Quantitative assessment of Azumiobodo hoyamushi distribution in the tunic of soft tunic syndrome–affected ascidian Halocynthia roretzi using real-time polymerase chain reaction
© Shin et al.; licensee BioMed Central Ltd. 2014
Received: 21 August 2014
Accepted: 13 November 2014
Published: 26 November 2014
The kinetoplastid parasite, Azumiobodo hoyamushi, is the causative agent of soft tunic syndrome (STS) in ascidians and leads to their mass mortality in Korean waters. This study was conducted to quantify A. hoyamushi density during the development of STS in the tunics of ascidians (Halocynthia roretzi) using real-time polymerase chain reaction (qPCR).

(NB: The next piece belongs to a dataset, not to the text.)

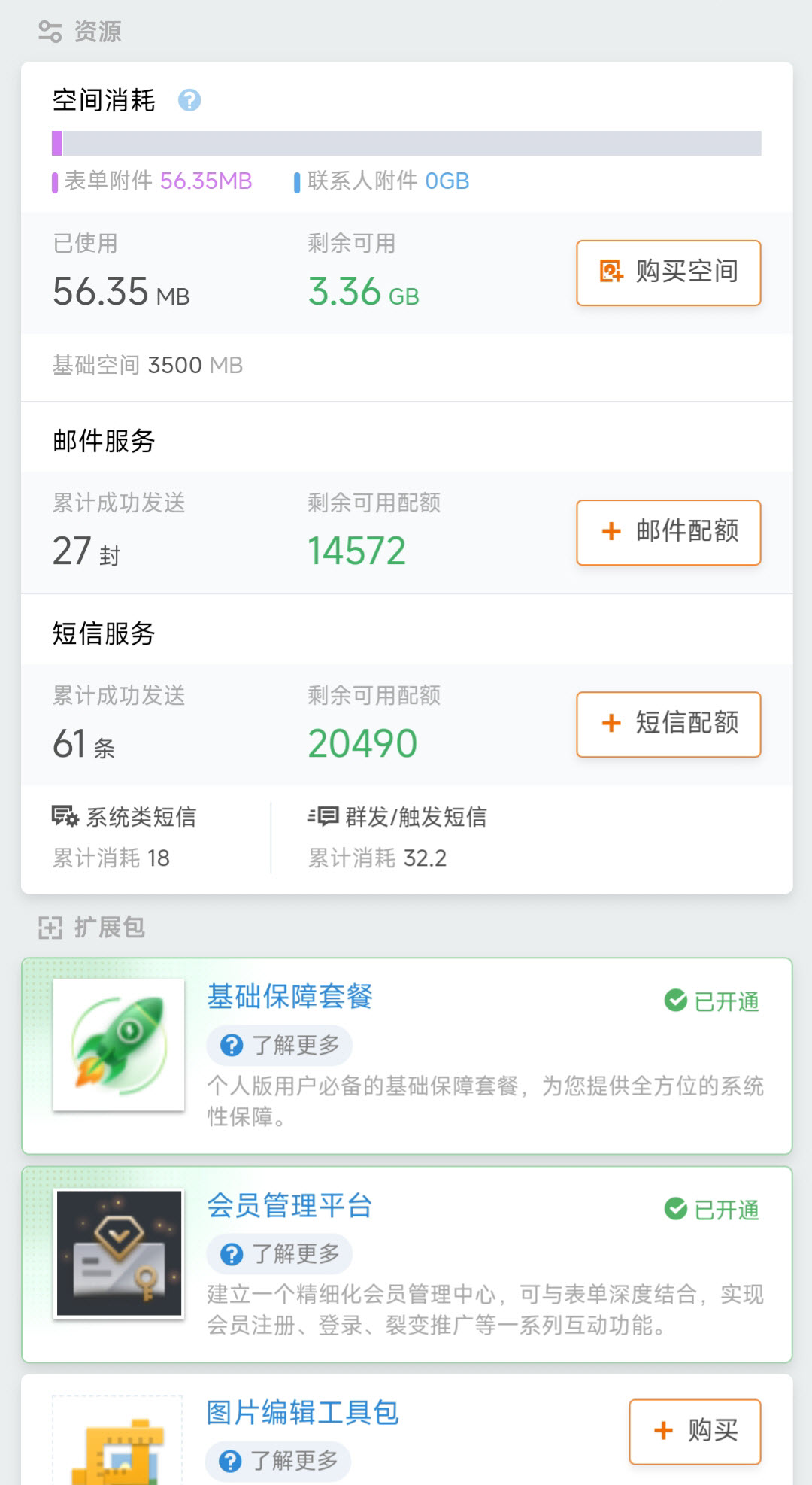 资源与扩展页面罗列了当前账号下的系统资源(空间,邮件配额,短信配额)和扩展包的使用和开通情况,方便您实时掌握资源剩余情况,快速进行充值开通等操作。
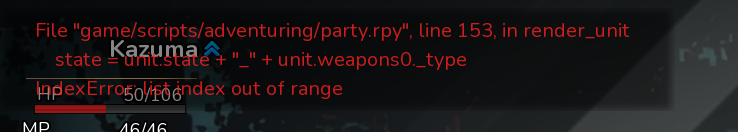 This error occurs during noble girl rescue quest once I enter a fight after freeing her. It breaks the game once her turn is done.

The infection intensity of A. hoyamushi, as measured by qPCR, varied depending on the part of the tunic analyzed, as well as the stage of STS development. The highest infection intensity was recorded in the tunics of the siphons. The infection intensity of A. hoyamushi in the siphons was only 2.9 cell/tunic (area, 0.25 cm2) or 106.0 cell/gram tunic (GT) in the early phase of STS, but this value increased dramatically to 16,066 cells/tunic (0.25 cm2) or 617,004 cell/GT at the time of death. The number of A. hoyamushi parasites increased gradually and their distribution spread from the siphons to the other parts of the tunics.
qPCR enabled the quantitation of A. hoyamushi and the results revealed that parasite density increased as STS progressed. In addition, our results suggested that the siphons might function as the portal of entry for A. hoyamushi during infection.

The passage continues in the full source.